I read the article and what strikes me right away is that although the professor is using technology in all sorts of glitzy ways, there was no mention of how the students were to engage with material beyond watching the professor to his schtick. Unless you are the most amazing storyteller in the world, I think it's unrealistic to expect students to come into class every day and listen or watch in a one way classroom. That's the big idea for me. One way vs. Two Way. Technology affords us ways to interact with ideas in ways we couldn't before. But great teachers have long figured out that the interaction with ideas or constructivism creates active, engaged learners.

Janice Smith

It's interesting because I recently attended a tech conference where one of the presenters encouraged us to join a Twitter like conversation WHILE he was presenting. He described it to us first as a way for audience members to keep themselves actively engaged while someone was presenting. Confused about what was just demonstrated? Tweet it out to everyone else in the discussion. Perhaps they can clarify. Something really struck you? Start a side-conversation about it.

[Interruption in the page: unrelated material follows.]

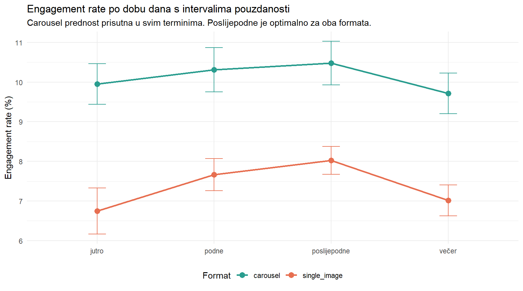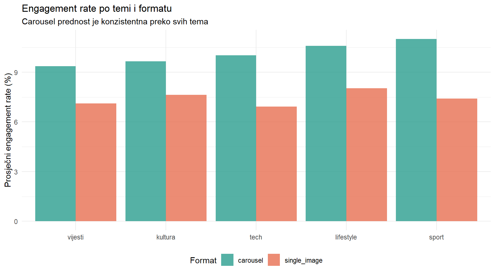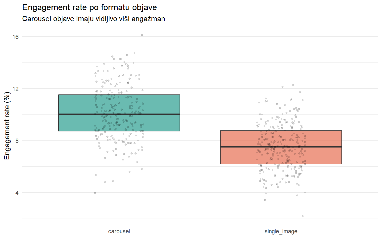 Radite kao analitičarka u redakciji medijske kuće. Vaš Instagram profil objavljuje sadržaj u dva formata — carousel (objave s više slika koje korisnik lista) i obične slike (single image). Urednica vas jednog jutra zaustavi u hodniku i pita: “Imam osjećaj da carousel objave generiraju više angažmana. Imamo li za to dokaz?”

It definitely led to some deeper thinking about the presentation, and afterwards he goes back and reads the discussion and inserts his own comments/answers which I think is a fascinating way to encourage follow-up, ensuring that the dialogue doesn't conclude along with the workshop.

I still have my hesitations about whether this adds to a presentation or detracts from it (there was a lot I can only assume I missed while reading other comments on the discussion), but it certainly does solve the problem of how we use the technology to engage everyone.